**What the task asks**
Give the listing again exactly, skipping any pictures it holds.

**Exercise data**
__________________________________________________

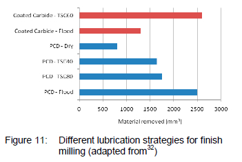 Lubrication and cooling strategies for titanium machining operations are areas where the cutting process can be improved. During interrupted cutting the tool is subjected to cyclic heating and cooling that can cause thermal shock12. When the rate of cooling is increased significantly, the result can be thermal shock, causing catastrophic tool failure, if the thermal load (at elevated cutting speed) is too high for the tool material . Su et al.29 connect cyclic thermal shock directly with thermal crack initiation. The low thermal conductivity of Ti6A14V causes a concentration of the heat build up in the cutting zone'. When the cutting zone is shielded from the lubricant stream such as in cutting with deep axial immersion, the coolant needs to be focused on the cutting edge52. At high tool temperatures, typically above 550 °C, the heat transfer mechanism between the cooling fluid and the tool surface changes to two phase high speed flow12. The coolant is vaporized on contact with the heated tool surface, forming an insulating boundary layer on the tool surface. The phenomenon is also described as delayed surface wetting in heal transfer literature12. The performance of the different lubrication strategies for finish milling with PCD is illustrated in Figure 11. Coaled carbide tool materials with flood lubrication were used as benchmark.
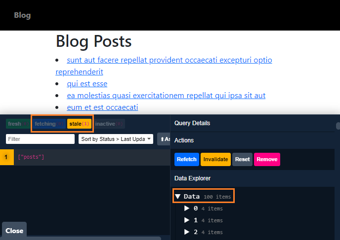 Now, click on the icon and open the dev tools. When we click on the posts query key, we will see one more panel open in the right, where we will see the list of blog posts that we fetched from the /posts API endpoint. We can say that the posts list is cached under the posts query key. Now, refresh the page. You will notice that the state of the query changes from fetching to stale.
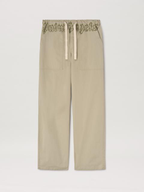 Logo mutations that turn a timeless icon into a new seasonal graphic. Men's black sweat pants with elastic and drawstring waistband, loose fit, with Curved logo printed in glossy black on back. SALAH WEARS SIZE 48 HEIGHT: 6' 0” (183 CM) BUST: 37.5” (95 CM) WAIST: 30” (76 CM) HIPS: 36” (91 CM) PRODUCT ID: PMCA117S25FAB0011010
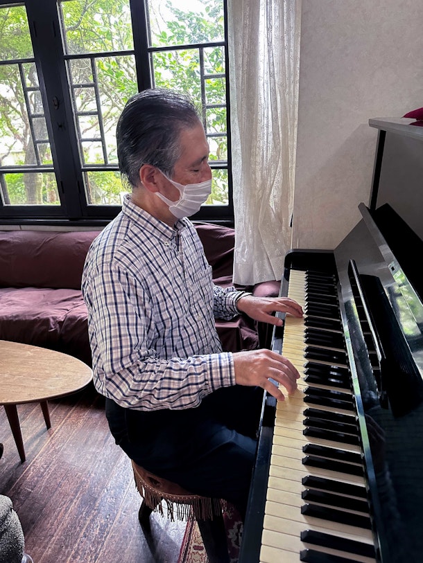 広いエントランスに置かれた古風なピアノ....(^^)。

__________________________________________________

**Answer box**
 Lubrication and cooling strategies for titanium machining operations are areas where the cutting process can be improved. During interrupted cutting the tool is subjected to cyclic heating and cooling that can cause thermal shock12. When the rate of cooling is increased significantly, the result can be thermal shock, causing catastrophic tool failure, if the thermal load (at elevated cutting speed) is too high for the tool material . Su et al.29 connect cyclic thermal shock directly with thermal crack initiation. The low thermal conductivity of Ti6A14V causes a concentration of the heat build up in the cutting zone'. When the cutting zone is shielded from the lubricant stream such as in cutting with deep axial immersion, the coolant needs to be focused on the cutting edge52. At high tool temperatures, typically above 550 °C, the heat transfer mechanism between the cooling fluid and the tool surface changes to two phase high speed flow12. The coolant is vaporized on contact with the heated tool surface, forming an insulating boundary layer on the tool surface. The phenomenon is also described as delayed surface wetting in heal transfer literature12. The performance of the different lubrication strategies for finish milling with PCD is illustrated in Figure 11. Coaled carbide tool materials with flood lubrication were used as benchmark.
 Now, click on the icon and open the dev tools. When we click on the posts query key, we will see one more panel open in the right, where we will see the list of blog posts that we fetched from the /posts API endpoint. We can say that the posts list is cached under the posts query key. Now, refresh the page. You will notice that the state of the query changes from fetching to stale.
 Logo mutations that turn a timeless icon into a new seasonal graphic. Men's black sweat pants with elastic and drawstring waistband, loose fit, with Curved logo printed in glossy black on back. SALAH WEARS SIZE 48 HEIGHT: 6' 0” (183 CM) BUST: 37.5” (95 CM) WAIST: 30” (76 CM) HIPS: 36” (91 CM) PRODUCT ID: PMCA117S25FAB0011010
 広いエントランスに置かれた古風なピアノ....(^^)。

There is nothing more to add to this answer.